TASK STATEMENT: Below are entries. Reproduce exactly the lines between the line holding "Кулон из янтаря" and the line holding "12. Check for", inclusive, and only those.

[[ INPUT, beginning ]]

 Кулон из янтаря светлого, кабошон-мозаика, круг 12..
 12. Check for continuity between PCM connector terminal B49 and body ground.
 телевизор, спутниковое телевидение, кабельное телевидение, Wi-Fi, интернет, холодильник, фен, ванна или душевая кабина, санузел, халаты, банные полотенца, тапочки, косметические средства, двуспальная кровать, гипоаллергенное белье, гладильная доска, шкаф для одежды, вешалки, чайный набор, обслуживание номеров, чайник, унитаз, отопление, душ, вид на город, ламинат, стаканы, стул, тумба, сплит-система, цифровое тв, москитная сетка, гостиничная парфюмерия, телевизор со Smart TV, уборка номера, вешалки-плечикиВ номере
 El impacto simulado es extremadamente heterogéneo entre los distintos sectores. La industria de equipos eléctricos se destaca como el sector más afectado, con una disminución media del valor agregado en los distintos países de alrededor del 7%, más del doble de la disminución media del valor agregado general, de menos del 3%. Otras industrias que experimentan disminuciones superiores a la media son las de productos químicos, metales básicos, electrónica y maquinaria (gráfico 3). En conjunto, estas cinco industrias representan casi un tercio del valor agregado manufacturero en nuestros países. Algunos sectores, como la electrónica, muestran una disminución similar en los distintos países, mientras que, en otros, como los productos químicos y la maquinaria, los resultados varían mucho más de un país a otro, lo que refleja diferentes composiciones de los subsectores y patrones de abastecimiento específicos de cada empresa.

[[ INPUT, end ]]
[[ INPUT, beginning ]]

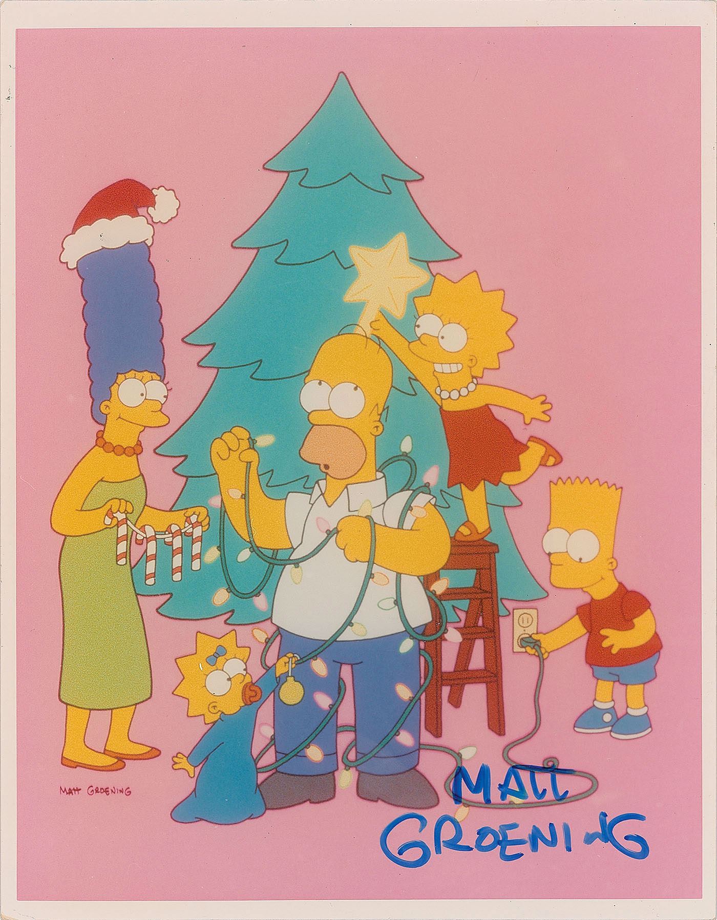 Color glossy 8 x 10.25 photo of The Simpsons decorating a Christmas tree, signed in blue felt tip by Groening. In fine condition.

[[ INPUT, end ]]
[[ INPUT, beginning ]]

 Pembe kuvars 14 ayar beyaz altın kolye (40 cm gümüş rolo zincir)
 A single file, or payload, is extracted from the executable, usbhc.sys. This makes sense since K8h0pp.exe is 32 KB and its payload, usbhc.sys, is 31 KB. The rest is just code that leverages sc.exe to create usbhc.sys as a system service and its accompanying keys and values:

[[ INPUT, end ]]

ANSWER TO THIS EXERCISE:
 Кулон из янтаря светлого, кабошон-мозаика, круг 12..
 12. Check for continuity between PCM connector terminal B49 and body ground.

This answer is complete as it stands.